The case of Goldicott House Pty Ltd v Brisbane City Council & Ors  QPEC 25 concerned an interlocutory application to the Planning and Environment Court (Court) in respect of an appeal against the decision of the Brisbane City Council (Council) to refuse a development application for a development permit for building work to facilitate the demolition of a State and local heritage place, and a development permit for a material change of use and for reconfiguring a lot. The interlocutory application was brought by the Council seeking orders to broaden the issues advanced by the Council in the appeal.
The Court found that the main issue in contention was whether the Court ought to exercise its discretion to allow the application to broaden the issues advanced by the Council insofar as it related to the demolition of the additional weatherboard building that improved the land the subject of the appeal.
The Court held that the application should be allowed on the basis that the interests of justice were best served by allowing the issues in the appeal to be enlarged. The Court noted, however, that such orders would not be made as a matter of course and those who practice in the jurisdiction should be mindful of the need to promptly determine whether there is any tension between the scope of the expert reports and the issues in dispute as identified in the orders made by the Court.
The land the subject of the appeal is located at 65 Grove Crescent, Toowong. The land is improved by a substantial residence known as Goldicott House (Goldicott House) and a small weatherboard building which is referred to as the "music room" (Music Room).
On 15 February 2018, the registered landowner (Landowner) lodged a development application with the Council for a development permit for building work to demolish the Music Room, a development permit for a material change of use to use the Goldicott House as a dwelling house, and a development permit to reconfigure a lot to create two separate lots.
The Council refused the application and the Landowner subsequently appealed the decision.

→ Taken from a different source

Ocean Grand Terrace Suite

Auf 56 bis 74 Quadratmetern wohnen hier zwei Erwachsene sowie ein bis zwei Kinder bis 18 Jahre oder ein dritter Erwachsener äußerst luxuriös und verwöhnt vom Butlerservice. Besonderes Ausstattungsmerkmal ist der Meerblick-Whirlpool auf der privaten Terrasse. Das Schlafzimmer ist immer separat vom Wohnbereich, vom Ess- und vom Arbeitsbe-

In the course of the proceeding, the Court made an order which limited the issues in the appeal to the Council's reasons for refusal together with the additional issues identified by the co-respondents. Relevantly, the Council's reasons for refusal did not expressly make reference to the Music Room at the time the order was made.

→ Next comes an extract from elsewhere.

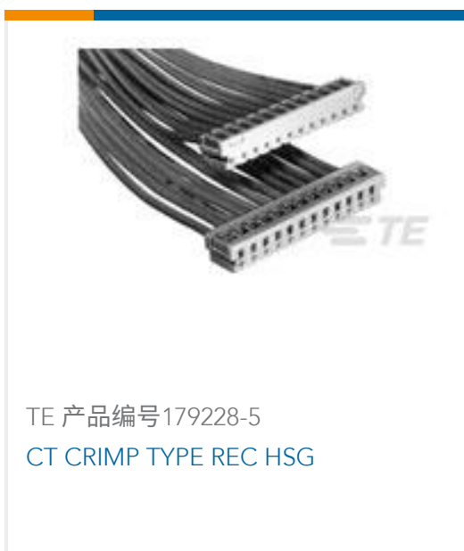
TE 产品编号179228-5 CT CRIMP TYPE REC HSG

Following the delivery of the Historian and Heritage Joint Expert Reports (Joint Expert Reports), it was discovered that the Joint Expert Reports identified new and significant information about the Music Room in that, amongst other things, the Music Room demonstrated a rare, uncommon or endangered aspect of Queensland's cultural heritage.

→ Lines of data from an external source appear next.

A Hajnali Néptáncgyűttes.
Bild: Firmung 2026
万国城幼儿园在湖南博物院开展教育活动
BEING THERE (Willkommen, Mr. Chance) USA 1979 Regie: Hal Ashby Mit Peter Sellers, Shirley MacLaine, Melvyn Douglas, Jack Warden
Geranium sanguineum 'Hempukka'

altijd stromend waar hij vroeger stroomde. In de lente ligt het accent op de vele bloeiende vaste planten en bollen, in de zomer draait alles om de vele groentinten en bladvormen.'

The Council subsequently sought to broaden the issues to argue that the demolition of the Music Room would offend the relevant provisions within the Council's reasons for refusal and that the proposed development failed to conserve and protect, and would damage or diminish the cultural heritage significance of the heritage place contrary to the provisions of the strategic framework of the Council's Planning Scheme.
Application to broaden issues in dispute
The Council applied to the Court for orders to broaden the issues in dispute. The Council submitted that rule 20(5) of the Planning and Environment Court Rules 2018 permitted the Court to make an order identifying the issues in dispute.
The Council further submitted that the additional issue which the Council sought to ventilate in the appeal raised matters of public importance and interest. This was on the basis that the number of submissions made during the public notification period and the number of co-respondents by election was indicative of the public importance of the issue. The Council also contended that the Department of State Development, Manufacturing, Infrastructure and Planning did not have the benefit of considering the new and significant information regarding the Music Room, and that it was required to provide its position on the new information in its capacity as a referral agency for the development application.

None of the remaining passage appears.